• **WHAT TO WORK ON**
Repeat only the lines below from the one containing "Тем временем в" through the one containing "From Handwiki ![]()", inclusive, exactly as written.

• **GIVEN INFORMATION**
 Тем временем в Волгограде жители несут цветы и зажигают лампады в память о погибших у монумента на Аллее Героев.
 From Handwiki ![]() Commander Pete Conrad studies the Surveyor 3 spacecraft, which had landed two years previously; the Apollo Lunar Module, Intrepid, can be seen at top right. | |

--

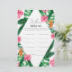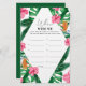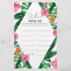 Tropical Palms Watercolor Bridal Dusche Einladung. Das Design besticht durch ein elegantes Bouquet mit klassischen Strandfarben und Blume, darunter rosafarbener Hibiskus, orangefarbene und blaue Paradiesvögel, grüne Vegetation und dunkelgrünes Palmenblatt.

...

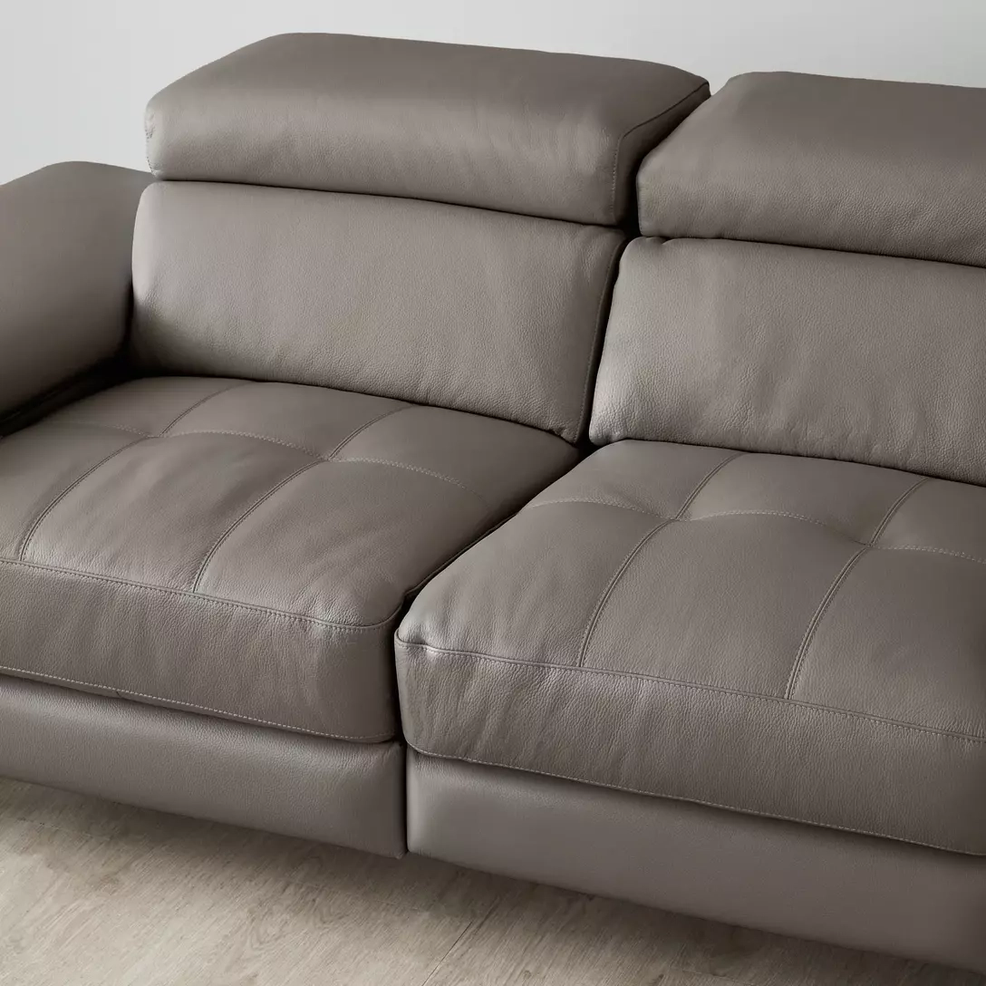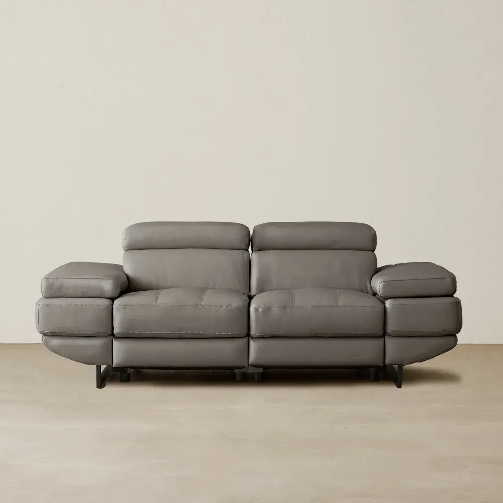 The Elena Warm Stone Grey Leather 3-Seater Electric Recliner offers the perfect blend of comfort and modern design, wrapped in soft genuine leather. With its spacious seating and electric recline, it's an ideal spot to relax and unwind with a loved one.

• **COMPLETED TASK**
 Тем временем в Волгограде жители несут цветы и зажигают лампады в память о погибших у монумента на Аллее Героев.
 From Handwiki ![]() Commander Pete Conrad studies the Surveyor 3 spacecraft, which had landed two years previously; the Apollo Lunar Module, Intrepid, can be seen at top right. | |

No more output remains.